Dimanche soir, j’ai regardé Public sur TF1. L’émission s’annonçait comme le premier match télévisé des élections européennes: l’ouverture du placard parisien vers le grand air du continent. Résultat: un débat raté sur toute la ligne. En matière d’Europe, les deux rivaux, Nicolas Sarkozy et François Hollande, ont surtout parlé d’impôts (français), de chômage (français) et de taxe (française) sur la valeur ajoutée (de la France).
Michel Field a bien essayé de les interroger sur la guerre et sur l’Europe de la défense, mais rien n’y a fait: les deux têtes de liste ont continué, obstinément, à s’envoyer des pourcentages et des chiffres de politique intérieure. Avec, ici et là, quelques terribles moments d’humiliation pour François Hollande, comme ce formidable acte manqué: «Le projet européen a commencé avec la paix, et la paix, elle est là», a lâché le socialiste, brusquement effaré par l’énormité de son propos.
Son adversaire a préféré ne pas relever. Il attendait le moment judicieux pour asséner ses uppercuts favoris, tels que «en matière de mauvaise foi, on fait difficilement pire», «tout cela, c’est du blabla», ou mieux encore: «c’est un raisonnement d’énarque», sur le ton de l’insulte.
Hollande encaissait tant bien que mal. Mais quand Sarkozy s’est moqué des aides à l’emploi du gouvernement Jospin, de ces jeunes gens engagés en tant qu’«agents d’ambiance» dans l’administration, le socialiste semblait sérieusement gêné. Se sentait-il visé?
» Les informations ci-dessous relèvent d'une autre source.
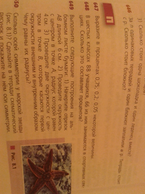 В шестых классах 88 учащихся, 66 из них занимаются в спортивных секциях. Сколько это состовляет процентов?#648 на картинке

Sur le plan de la rhétorique, Sarkozy avait plusieurs longueurs d’avance: «C’est du fanatisme, vous taxez tout ce qui bouge: vous créez des impôts pour punir ceux qui réussissent!» A ces slogans expéditifs, François Hollande n’opposait qu’un discours complexe et confus, gorgé de formules comme «j’ai l’honneur de croire» et «j’ai la faiblesse de penser». Nul.
La tête de liste socialiste a évidemment tenté de se placer sous le patronnage de la nouvelle gauche européenne, en prononçant les noms de Blair et de Schröder comme des incantations. «Mais les programmes des socialistes allemands et anglais sont beaucoup plus modernes que les vôtres!», a rétorqué son adversaire, qui n’avait pas tort.
C’est à ce moment, pourtant, que François Hollande a réussi à relever la tête. Il a rappelé que les socialistes européens formaient un groupe parlementaire, et que son parti s’inscrivait dans une résonnance continentale, contrairement au RPR isolé de Nicolas Sarkozy.
Mais cet argument n’a pas vraiment fait mouche: le débat a très vite repris des dimensions hexagonales. Le petit sec et le gros mou savent bien que ce n’est pas avec des arguments européens que l’on gagne des élections européennes.